INPUT MATERIAL
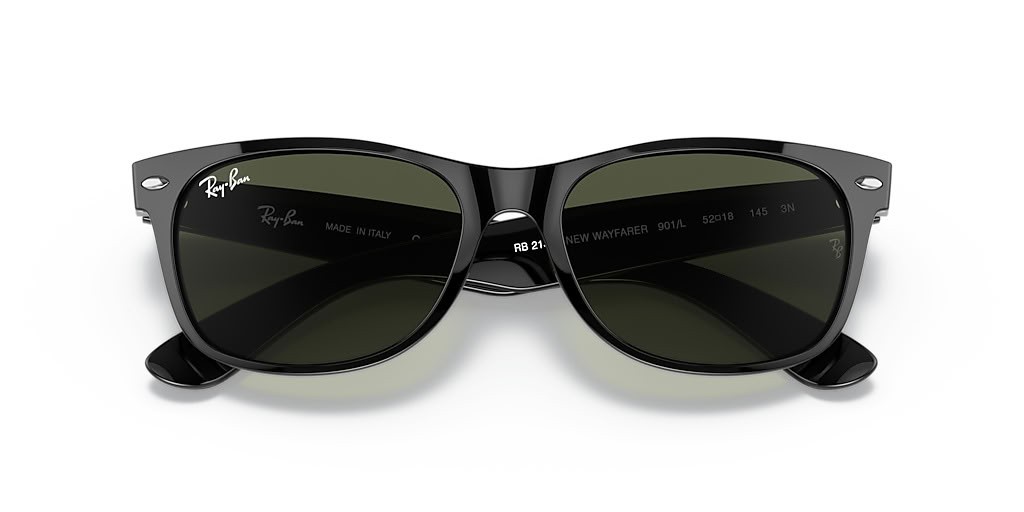 Ray-Ban RB2132 New Wayfarer Classic-M (55 - 18) Vihreä linssit ja Musta runko Aurinkolasit
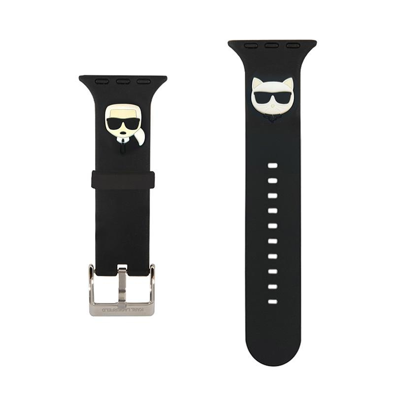 Karl Lagerfeld Silikonový řemínek Karl & Choupette Heads pro Apple Watch 42/44/45 mm (černý)
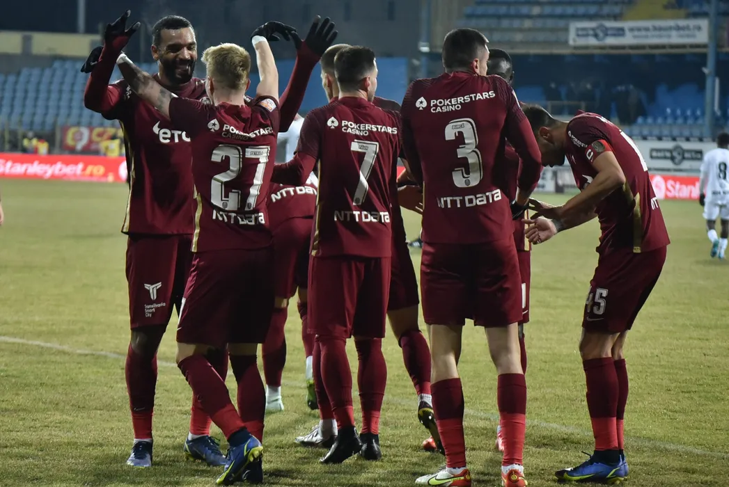 Claudiu Adrian Mihai Petrila se bucura dupa un gol marcat alaturi de colegii sai in meciul de fotbal dintre Gaz Metan Medias si CFR Cluj, contand pentru Liga 1 Casa Pariurilor, desfasurat pe Stadionul Municipal din Medias, sambata 12 februarie 2022. © FOTO:Alexandru Veres/SPORT PICTURES
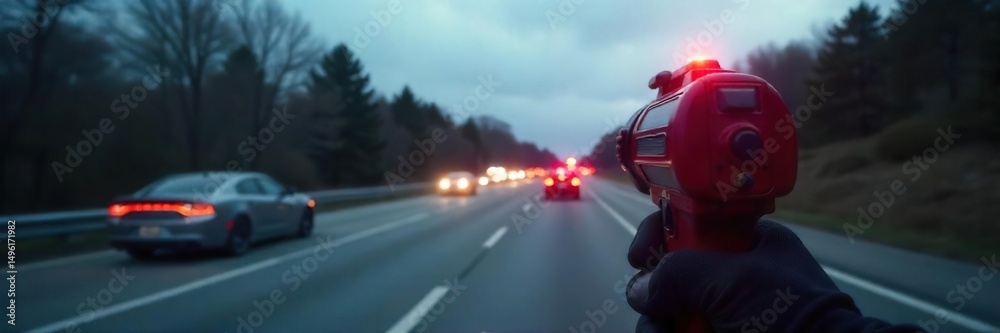A police radar speed gun pointed down a highway, with blurred cars in the background suggesting fast speeds The image emphasizes the technology used in speed enforcement , speed limit, technology #1496171982
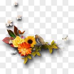 水彩画两只彩色的小鸟停留在开满石榴花的树枝上嬉闹免抠元素
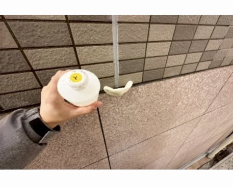 外壁目地の亀裂に発光調査液(イエロー)を添加し散水

YOUR INSTRUCTIONS
Give back the material above exactly, but without its images.

SOLVED EXERCISE
 Ray-Ban RB2132 New Wayfarer Classic-M (55 - 18) Vihreä linssit ja Musta runko Aurinkolasit
 Karl Lagerfeld Silikonový řemínek Karl & Choupette Heads pro Apple Watch 42/44/45 mm (černý)
 Claudiu Adrian Mihai Petrila se bucura dupa un gol marcat alaturi de colegii sai in meciul de fotbal dintre Gaz Metan Medias si CFR Cluj, contand pentru Liga 1 Casa Pariurilor, desfasurat pe Stadionul Municipal din Medias, sambata 12 februarie 2022. © FOTO:Alexandru Veres/SPORT PICTURES
A police radar speed gun pointed down a highway, with blurred cars in the background suggesting fast speeds The image emphasizes the technology used in speed enforcement , speed limit, technology #1496171982
 水彩画两只彩色的小鸟停留在开满石榴花的树枝上嬉闹免抠元素
 外壁目地の亀裂に発光調査液(イエロー)を添加し散水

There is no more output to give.